東京都知事選が20日告示され、来月7日の投開票に向けた選挙戦の火ぶたが切って落とされた。2期8年にわたる小池百合子知事の都政に評価が下される。現職の小池氏は18日、公約を発表し、保育料無償化を第1子まで拡大、無痛分娩の助成制度のほか、行政手続きの100%デジタル化などを明らかにした。前広島県安芸高田市長の石丸伸二氏は17日、公約を発表した。石丸氏は、SNSを活用した政治の見える化、AI(人工知能)で集約した民意を政策に反映、46道府県との協調・協働強化などを強調した。元航空幕僚長の田母神俊雄氏は18日、公約の中で、都民税の減税、自虐史観教育の修正、また、外国人への生活保護廃止を盛り込んだ。蓮舫前参院議員は18日、樹木伐採に批判が集まる神宮外苑の再開発計画については、「見直し」を明言、都政の意思決定プロセスの透明化、職能再開発支援などを公約として掲げた。

東京都選挙管理委員会は、史上最多の立候補者数56人となったことから、事前に48人分のポスターを貼る掲示板のスペースを用意したが、足りなくなる事態が生じた。都選管は、届け出が49番目以降の候補者にクリアファイルを準備し、既設掲示板の枠外に取り付ける異例の措置を講じた。大量の候補者を出した政治団体に原因の一つが指摘される。当該の政治団体は、寄付を行えば、希望者は都知事選の掲示板にポスターを貼ることができる計画を打ち出していた。また、都知事選の選挙ポスター掲示板に、裸同然の女性のポスターを張ったとして、警視庁は20日、都迷惑防止条例違反の疑いで候補者に警告した。都知事選を巡り、選挙運動用のポスター掲示板に同一のものが多数張られている事態について、林芳正官房長官は21日の記者会見で、「自身の選挙用ポスターを掲示するためのもので、候補者以外が使用できるものではない」との認識を示した。都選管は21日、過去最多の56人が立候補した東京都知事選の政見放送の放送予定を発表した。候補者の乱立により、公約などを訴える政見放送の放送時間が11時間を超えると見られる。

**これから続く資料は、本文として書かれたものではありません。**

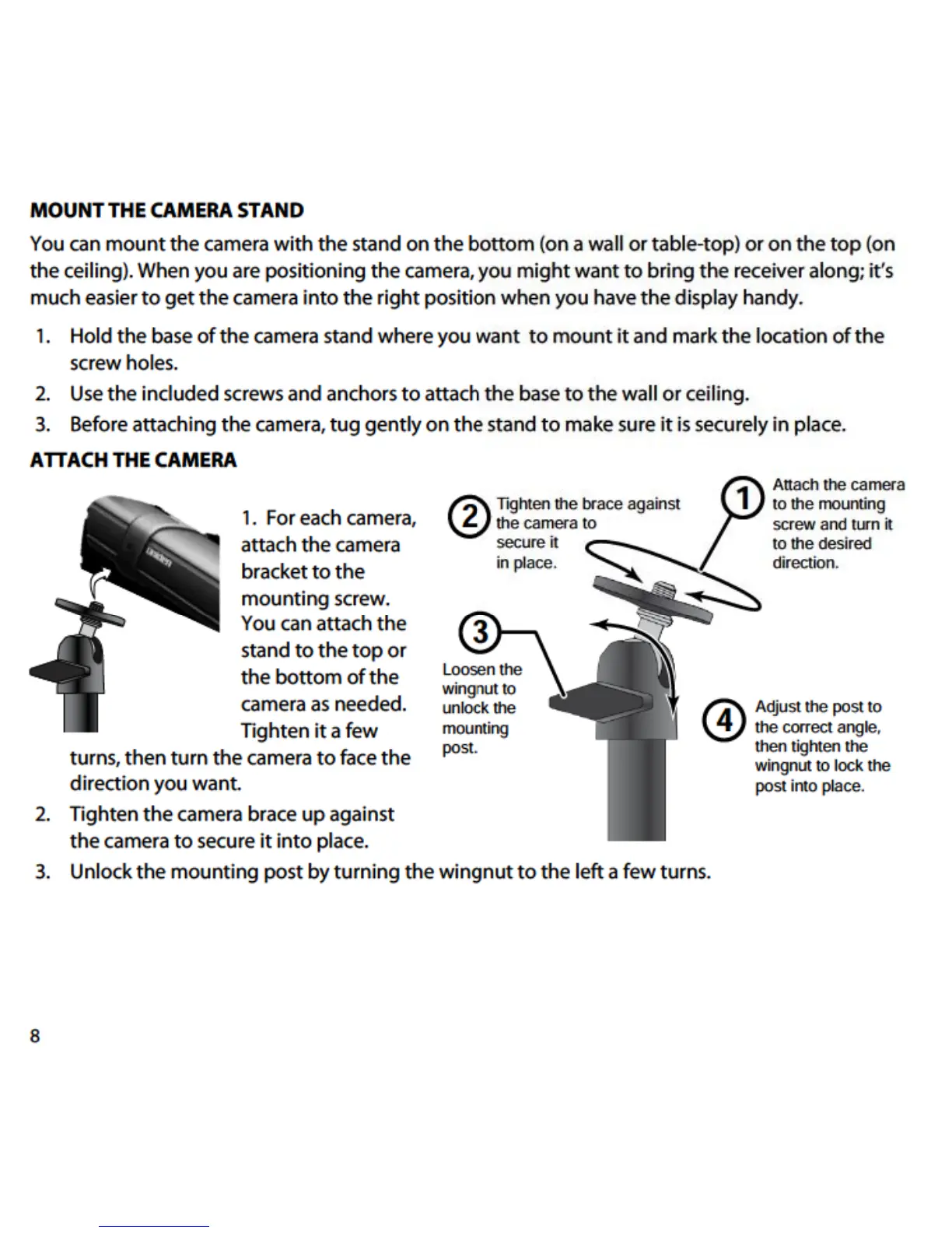 ELRO CS87T - MOUNT THE CAMERA STAND; ATTACH THE CAMERA

派閥の政治資金パーティーを巡る裏金事件を受けて、自民が提出した改正政治資金規正法は19日の参院本会議で、自民・公明の賛成多数により可決、成立した。裏金事件の再発防止、カネの流れを巡る透明性確保の点で問題が指摘されるなど懸念が残った。規正法の時効は5年だが、領収書の公開は10年後と定められており、責任追及が困難となる。さらに、領収書が黒塗りされて公開される可能性がある。政策活動費を監督する第三者機関の設置時期、権限、監査のあり方など具体化の必要な検討項目は多い。岸田総理は21日、「附則において検討課題とした政策活動費の透明性の強化や監査のための第三者機関の設立などについては、今後早急に内容具体化の協議を進める」と述べた。ANNが15、16日に行った世論調査で、国会で審議されていた政治資金規正法改正案を「評価しない」との回答は59%で、「評価する」は22%という結果が明らかとなった。政治資金規正法改正案を巡り、参院政治改革特別委員会が14日に開催された。参考人質疑に出席した駒澤大学の大山礼子名誉教授は、「国民を巻き込んだ議論がないまま、早目に決着しようという感じになっているのが残念」と述べた。

自民党安倍派の元会計責任者が自身の公判で、資金還流に言及し、「この会合で還付再開が決定した」と発言した。立憲民主の岡田克也幹事長は18日、この発言を受けて、「(安倍派)幹部の皆さんにもう一回、しっかり聴かなければならない」と自身の考えを語った。また、共産の穀田恵二国対委員長は、「証人喚問をして、この問題を明らかにすべきだ」と強調した。19日に3年ぶりに開かれた岸田総理と野党各党トップによる「党首討論」では、激しい論戦が繰り広げられた。国民民主の玉木雄一郎代表は、「総理は今、四面楚歌ではないか。野党の協力が得られない。自民党の中からも総理の責任を問う声が公然と出ている。国民の信頼は地におち、四面楚歌、八方塞がり。なぜこの事態になったのか」と語気を強めた。これに対して、岸田総理は、「私自身は四面楚歌であるとは感じていない」と応じた。政局の焦点が9月に行われる自民党総裁選になる中、岸田総理は21日の会見で、「今道半ばであり、重要な課題が山積し、先送りできない課題がある。引き続き、道半ばの課題について、結果を出すよう努力する」と述べ、総裁選出馬への意欲をにじませた。

自民党の東国幹衆院議員は22日、北海道旭川市の会合で、「9月の党総裁選で再選を目指す岸田総理に、出馬するべきではない」との考えを示した。裏金事件を巡る政権の対応に批判が集まる中、東衆院議員は、「岸田総理、総裁はゆめゆめ(総裁選の)再選などと軽々しく口にすることではなくて、むしろ自民党に新しい扉を開く、その橋渡し役を私は担っていただきたい」と述べた。東衆院議員は、茂木幹事長も出席して行われた会合のなかで、裏金事件について陳謝していた。また、自民の斎藤洋明衆院議員は16日、岸田政権の対応について、「今、こういった状況に至った責任は、最終的に誰かがとらなければならない」と語り、岸田総理の責任に言及した。発言があった会合には、麻生副総裁が出席していた。

東京都知事選を巡っては、4氏を含め56人が立候補を表明している。